The enamel in adult human teeth needs to be especially tough to last a lifetime. While many animals, such as sharks and crocodiles, constantly replace their teeth and rodents have continuously growing teeth, this is not the case in humans. Even bones in the human body, which are made of the same mineral as enamel, continuously remodel and regrow material over time to repair damage and stay strong. A recent publication in Nature Communications (doi:10.1038/s41467-019-12185-7) reported on how the toughness of enamel was a consequence of misorientations of its component crystals, as determined by x-ray polarization-dependent imaging contrast (PIC).

Enamel is the hardest tissue in the human body. Similar to pearl and seashells, enamel is a kind of hierarchical multiscale nanocomposite; it is made up of multiple materials brought together and structured at different scales. The primary component of enamel is a calcium mineral called hydroxyapatite (HAP). Proteins and water make up about 5% of enamel’s weight. Enamel is made up of enamel rods, which contain multiple long HAP crystals aligned with each other. “We discovered that hydroxyapatite is dichroic, that is, it shows different x-ray absorption spectra when rotating the linear polarization,” says Pupa Gilbert, head of the research group at the University of Wisconsin–Madison.

The map shows a pattern of different enamel rods crossing each other in the inner enamel of the human tooth, with three groups of rods exposed on the polished surface: in longitudinal (left), transverse (right of center), and oblique (center, right) cross sections. Credit: Nature Communications.

By using a synchrotron as an x-ray source with a photoemission electron microscope, “you can rotate the polarization and reconstruct the orientation of each crystal in a sample,” Gilbert says.

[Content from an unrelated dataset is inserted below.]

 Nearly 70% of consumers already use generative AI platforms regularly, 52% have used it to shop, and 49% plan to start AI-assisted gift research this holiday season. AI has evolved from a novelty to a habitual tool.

She and her colleagues used her polarization-dependent imaging contrast to make maps showing the orientations of the individual HAP crystals in enamel and made an important discovery: the crystals within a single enamel rod have different orientations that differ by at least 30°, but that can go up to 90°, as determined by the orientations of the cyrstalline c-axes.

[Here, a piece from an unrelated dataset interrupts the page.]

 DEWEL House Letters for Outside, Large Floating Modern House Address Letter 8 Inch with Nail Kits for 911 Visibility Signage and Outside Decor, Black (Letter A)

Gilbert thought these mis-orientations might have a purpose, and reached out to her colleague Markus J. Buehler, of the Department of Civil and Environmental Engineering at the Massachusetts Institute of Technology, to further explore this. Buehler’s research group carried out molecular dynamics simulations of HAP crystals under stresses similar to those involved in chewing food. The simulations showed that when the atoms are perfectly aligned across crystals, cracks easily propagate through the crystal grain boundaries. However, when the atoms in adjacent crystals are only slightly misoriented (less than 30° off), a growing crack is deflected by the boundary and stops. Smaller mis-orientation angles actually stop crack growth better than larger angles.

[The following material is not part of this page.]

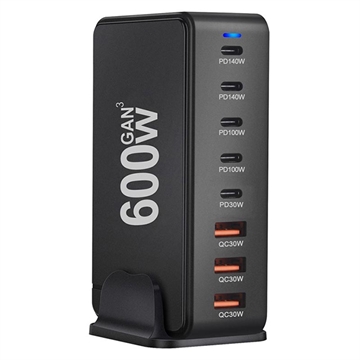 600W GaN Desktop-Ladestation - 8 Anschlüsse (5x USB-C + 3x USB-A) PD3.1 Schnellladegerät, bis zu 140W USB-C, intelligente Stromverteilung

Cayla Stifler, a graduate student in Gilbert’s group, developed software to determine how much crystals in the teeth they imaged were misoriented relative to adjacent crystals. Gilbert says this analysis “found that the enamel in our mouth has only small misorientation angles, between 1° and 30°. Very likely we evolved to have such small misorientation angles because they are the best at deflecting cracks, so our tooth enamel breaks all the time, but only at the nanoscale, so cracks can’t travel far.”

The team is interested in looking at enamel in other animals with the polarization imaging technique to analyze their crystals’ orientations. “The greatest force our jaw can apply is about 700 Newtons, but T. Rex was capable of 60,000 Newtons. That makes me want to look at its enamel as soon as I have more beamtime,” Gilbert says. Studying orientation, along with other structural properties like the size and shape of crystals in enamel and other biominerals, could also yield new ways to design tougher biomimetic materials.